This section continues from Section 26.5. Familiarity with the eight-component architecture, the Planner, Tool Router, Execution Sandbox, and CircuitBreaker code from there is assumed.

Fun Fact: Agents Discover Office Politics

Researchers running multi-agent simulations on a synthetic startup task found that without explicit coordination protocols, agents quickly evolved bureaucratic behaviors: status-update preambles, defensive justifications, and what one paper memorably called 'CYA emails'. The lesson is that emergent coordination, in the absence of structure, tends to recapitulate every dysfunction of large human organizations, just faster and with more whitespace.

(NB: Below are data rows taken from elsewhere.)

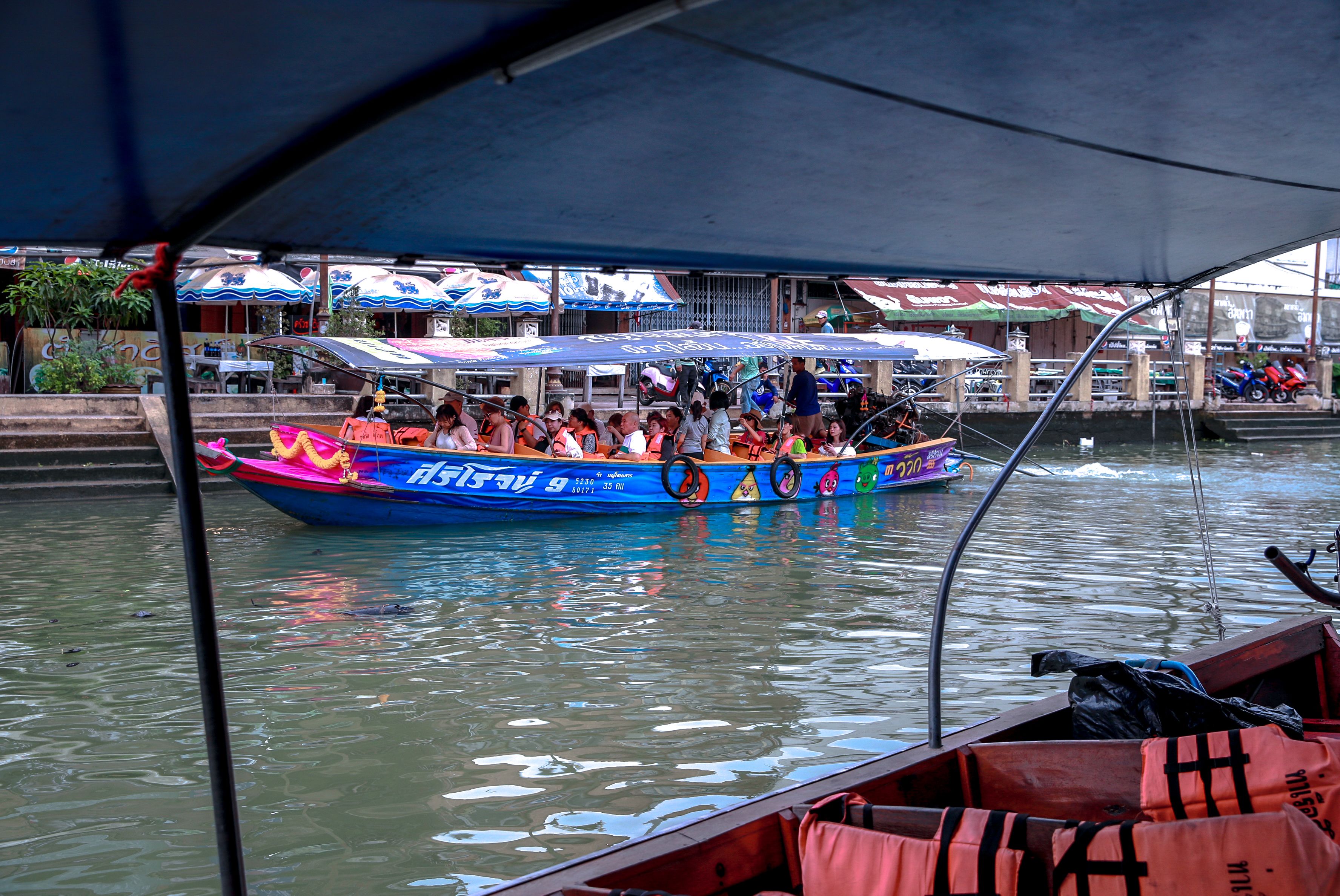 Boats ferry tourists to and from Amphawa Floating Market
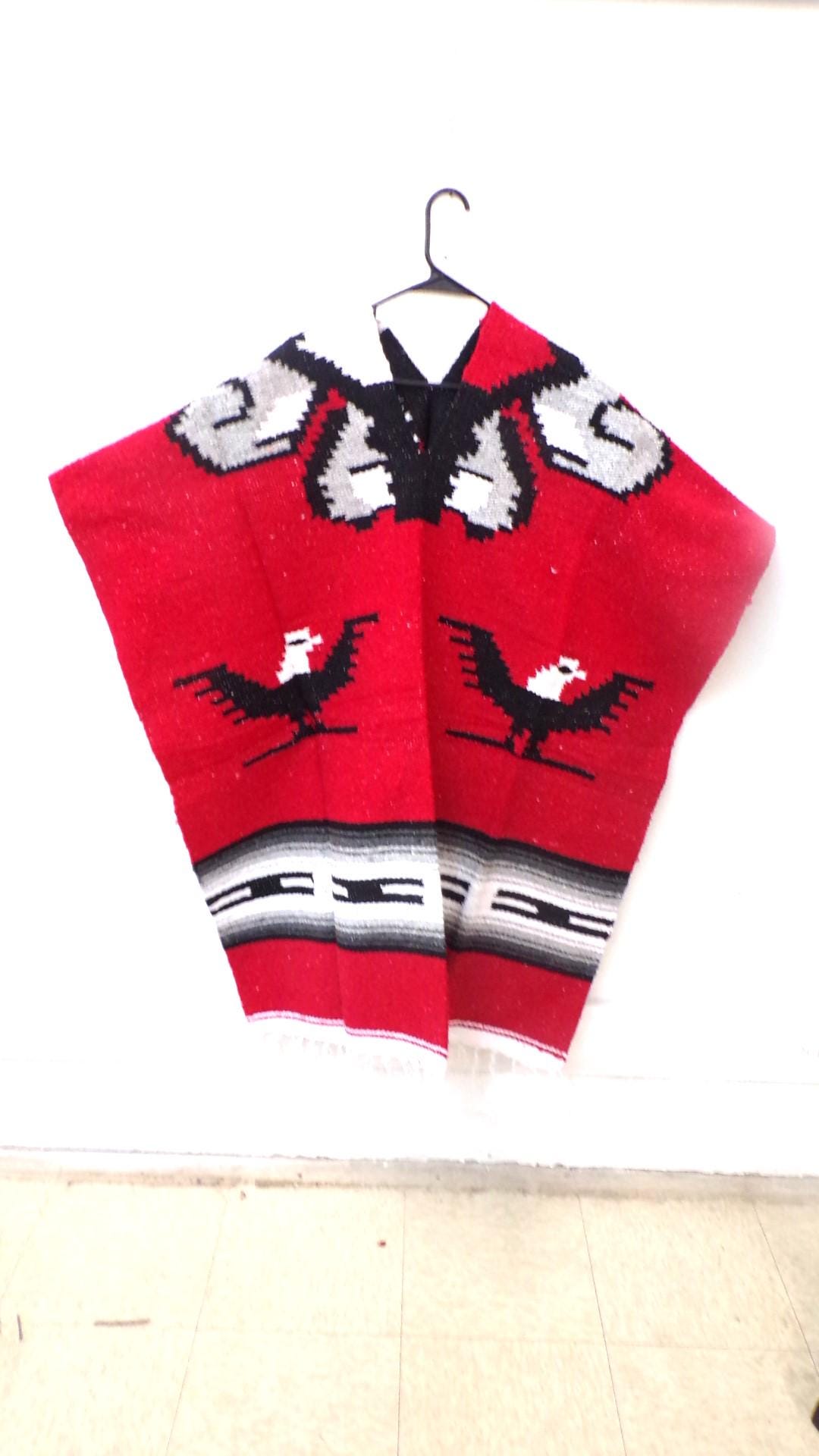 New, Traditional Authentic Handmade Beautiful Aztec Indian Hooded Mexico Long Poncho as Pictured Here. Free Shipping. This one is a one size fits most people. It would look great on the guys but even nicer on our lady friends. You will be getting the poncho that is actually shown above in the pictures above, not some poncho that looks kinda looks like it or is kinda the same color as you might sometimes see elsewhere. We have many different styles & colors of ponchos to pick from in many different sizes. You may also want to check out our awesome zippered ponchos. Anything hand done can have minor imperfections, but the overall look is always quite beautiful. This would also make a great gift for a friend or a loved one. So, why ever gift something just ordinary? Favorite us now and then keep on checking back with us to see all the new items that we'll be adding. I am not the world's greatest photographer so I may not have the best pictures out there, but my prices certainly are the greatest so WHY PAY MORE?
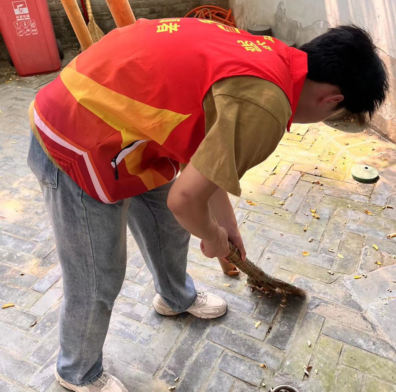 在院中国槐树的树荫下,队员们拿起清扫工具,自发对院中的落叶和室内的尘土进行清扫,他们不仅是为了拂去这些杂物,更是为了表达对董天知将军的敬仰之情以及传承红色基因的决心。
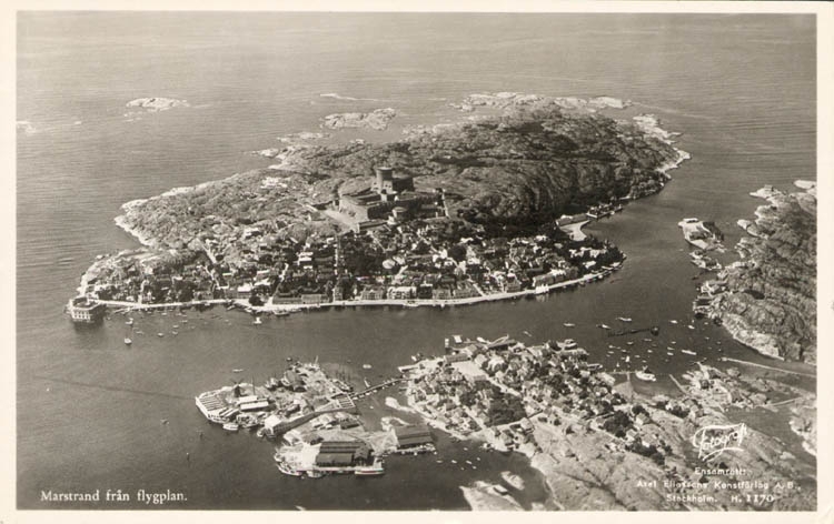 Tryckt text på kortet: "Marstrand från flygplan.."
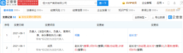 【TechWeb】企查查APP显示,8月17日,恒大地产集团有限公司发生工商变更,许家印卸任董事长职务,由赵长龙接任,同时法定代表人由柯鹏变更为赵长龙。

Multi-agent orchestration: a coordinator agent dispatches subtasks to specialist agents (planner, retriever, executor) and merges their results.

26.5.5 Cost Control: Token Budgeting and Cascade Routing

Agent systems can consume tokens at an alarming rate. A single complex request might trigger dozens of LLM calls across planning, tool selection, evaluation, and replanning. Without explicit cost control, a runaway agent loop can burn through an entire monthly API budget in minutes. The Cost Controller addresses this with two mechanisms: per-request token budgets and cascade routing.

Per-Request Token Budgets

Each AgentRequest carries a max_budget_usd field. The Cost Controller tracks cumulative spending across all LLM calls and tool invocations within a single request. Before each LLM call, the controller checks the remaining budget. If the remaining budget is too low for the planned call, the agent must either abort or switch to a cheaper strategy.

Cascade Routing

Cascade routing sends requests to the cheapest adequate model first and only escalates to more expensive models when the cheaper one cannot produce a satisfactory result. For example, simple tool selection might use gpt-4o-mini at $0.15 per million input tokens, while complex multi-step planning escalates to claude-sonnet-4-20250514 or o3. The evaluator's quality score determines whether escalation is needed.

from dataclasses import dataclass
@dataclass
class ModelTier:
    name: str
    model_id: str
    cost_per_1k_input: float
    cost_per_1k_output: float

class CostController:
    """Tracks spending and routes to the cheapest adequate model."""
    TIERS = [
        ModelTier("fast", "gpt-4o-mini", 0.00015, 0.0006),
        ModelTier("balanced", "claude-sonnet-4-20250514", 0.003, 0.015),
        ModelTier("powerful", "o3", 0.01, 0.04),
    ]

    def __init__(self):
        self._spent: dict[str, float] = {}

    def record_cost(self, session_id: str, cost_usd: float):
        self._spent[session_id] = self._spent.get(session_id, 0.0) + cost_usd

    def can_afford(self, session_id: str, budget: float, estimated: float) -> bool:
        return self._spent.get(session_id, 0.0) + estimated <= budget

    def select_tier(self, session_id: str, budget: float,
                    min_tier: str = "fast"):
        """Cheapest tier at or above min_tier within budget."""
        started = False
        for tier in self.TIERS:
            if tier.name == min_tier: started = True
            if not started: continue
            estimated = 2 * tier.cost_per_1k_input + 0.5 * tier.cost_per_1k_output
            if self.can_afford(session_id, budget, estimated):
                return tier
        return None  # Budget exhausted

Code Fragment 26.5a.1: Cost Controller with cascade routing. Per-session token budgets prevent runaway spending, while cascade routing tries cheaper models first.

Key Insight

Cascade routing often saves 60 to 80% of API costs with minimal quality degradation. In practice, most agent steps (simple tool dispatch, formatting results, short follow-up questions) do not require the most capable model. Reserve expensive models for the planning phase and for recovery after evaluation failures. Measure your cascade hit rate (the percentage of calls handled by the cheapest tier) as a key operational metric.

26.5.6 Permissions Model

The Permissions Gate enforces security at three levels: user-level access (who can use the agent), tool-level access control lists (which tools a given user can invoke), and action-level constraints (what parameters are allowed). Every tool invocation passes through the gate before reaching the sandbox. This is especially important for agents that can execute code, send emails, modify databases, or access external services.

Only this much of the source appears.